Health on a Heating Planet
Beyond melting glaciers and rising seas, climate change leaves its deepest scars on bodies and lives—from heat strokes to hunger, from cholera to cardiac disease;
The impact of climate change on human health is clear and evident across countries around the world. Some of the obvious ways in which this happens are extreme heat, floods, and droughts directly affecting people, and the respiratory and cardiac diseases occurring as a result of air pollution. There are indirect effects of climate change too: the rise in the frequency and intensity of infectious diseases (both vector-borne and water-borne), as well as a fall in crop yields. In this article, we will discuss these direct and indirect effects of climate change on human health.
Direct and Indirect Effects of Climate Change on Human Health
Many countries have carried out detailed vulnerability and adaptability assessments in the context of climate change. Such assessments map the impact of climate change on people, identify vulnerable populations, and then suggest adaptation policies. Here, we will broadly examine the direct and indirect effects of climate change on human health.
Direct Effects
Among the direct effects of climate change are those that impact the biological aspects of human health. Some of these are:
- Extreme Heat: The effects include heat strokes and acute dehydration. Extreme heat days were once limited to Asia and Africa, but are now common in Europe and North America as well. The heat wave in Europe in 2023 was well documented, leading to the deaths of more than fifty thousand people.
- Extreme Weather Events: Storms and cyclones have become more frequent and carry very high moisture, leading to widespread flooding. These are now common in coastal areas, including the USA, the Philippines, and the Caribbean.
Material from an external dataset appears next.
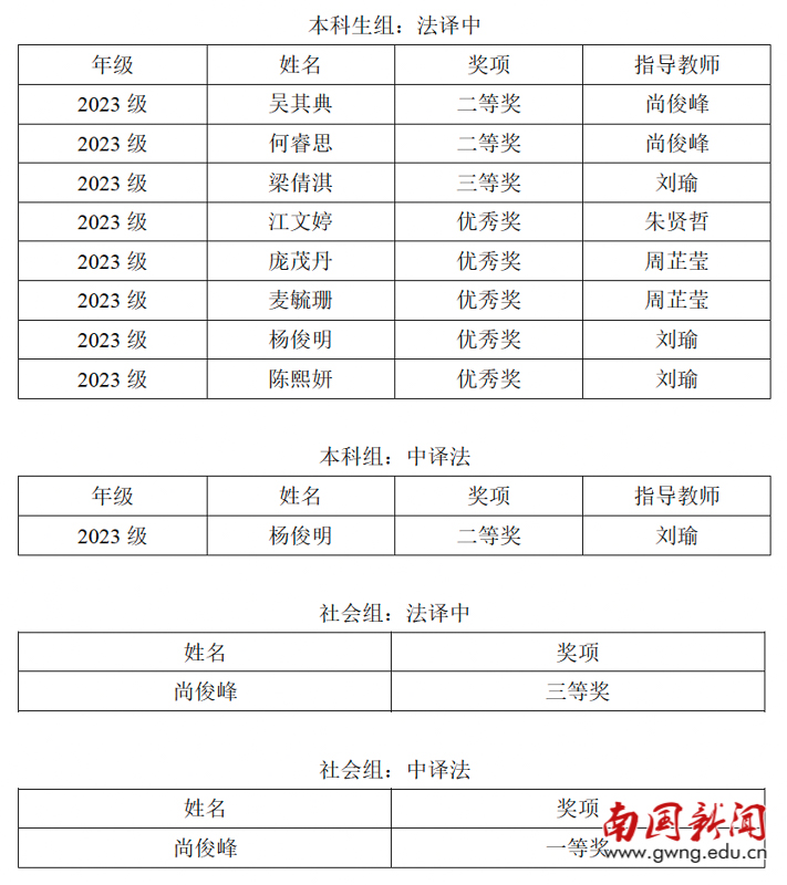 我校法语系历来重视学生的专业学习与实践,始终鼓励学生参与校内外各级各类比赛。自比赛公告以来,法语系积极动员学生参与报名,共计8名学生参加,其中1名教师带头参加。在参赛学生的认真准备和专业教师的严格指导下,所有参赛选手均取得优异成绩,同时积累了笔译实战经验,正如何睿思同学所言:“经历此次翻译,才深刻体会到好的翻译是不断修改打磨的。”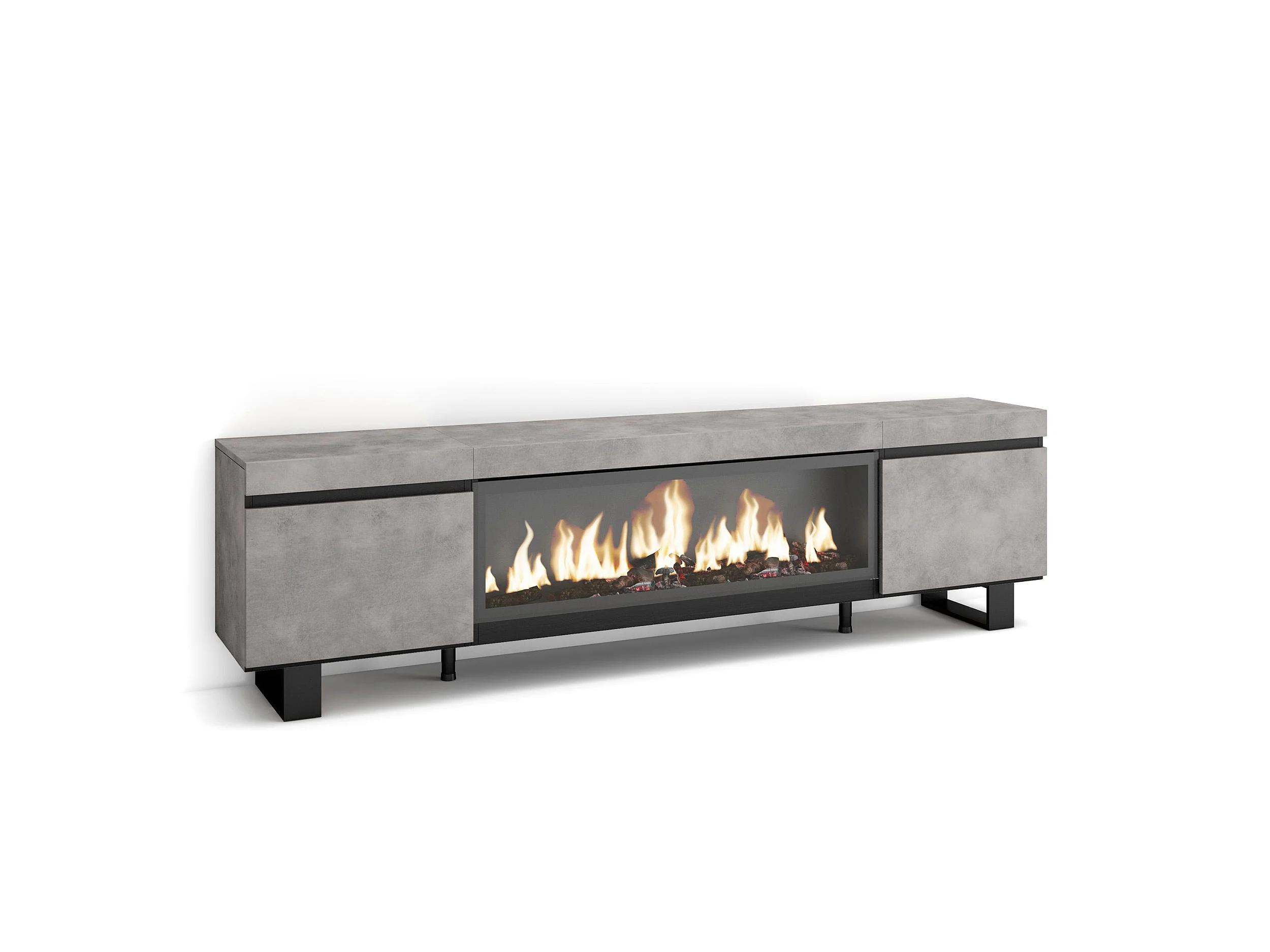 TV-Schrank, Lowboard, 208x35x57cm, Für TV-Geräte bis zu 80", Elektrokamin XXL, Industriedesign, Zement

- Forest Fires: In dry weather conditions, forest fires are increasingly frequent. The fires in Canada in 2023 and in California in 2024 were devastating, leading to injuries and deaths.
- Air Pollution: The rise in greenhouse gas emissions due to increased fossil fuel use has worsened air pollution, primarily in developing-country cities such as Delhi, Cairo, Hanoi, and Dhaka.
Indirect Effects
The indirect effects of climate change on human health include:
- Vector-Borne Diseases: Longer warm periods, increased temperatures, and higher humidity create perfect breeding grounds for mosquitoes (Anopheles, which causes malaria, and Aedes aegypti, which causes dengue), as well as other insects and ticks. These conditions lengthen transmission periods for diseases.
- Waterborne Diseases: Erratic and skewed rainfall often leads to water contamination, causing outbreaks of cholera, typhoid, and diarrhoea.
- Food Security: Flooding and droughts have disrupted the flowering season of many cereals and plants, reducing agricultural productivity. Livestock deaths and a decline in fish populations in coastal areas add to the challenge.
Unequal Burden
The direct and indirect effects are felt most acutely in poor and developing countries, which have far fewer resources to adapt to these challenges. Vector-borne diseases, for instance, are most common in South America, Asia, and Africa. Widespread outbreaks of cholera and typhoid follow a similar pattern. The rising disease load in these countries also puts immense pressure on fragile health systems, which already face financial and infrastructural challenges even in normal times.
In short, extreme and severe weather—high heat, erratic rainfall, floods, and droughts—affects water quality and triggers vector-borne and water-borne diseases, lowers agricultural productivity, and strains food supply. Pollution, forest fires, and extreme heat also drive an increase in heart and lung diseases.
Conclusion
Climate change and global warming adversely affect human health, with impacts felt across the economy and society in the form of reduced human and agricultural productivity. To use the term coined by U.S. security expert Sherri Goodman during the Clinton administration, climate change and global warming act as a “threat multiplier”, compounding existing challenges in critical sectors such as agriculture, health, and infrastructure.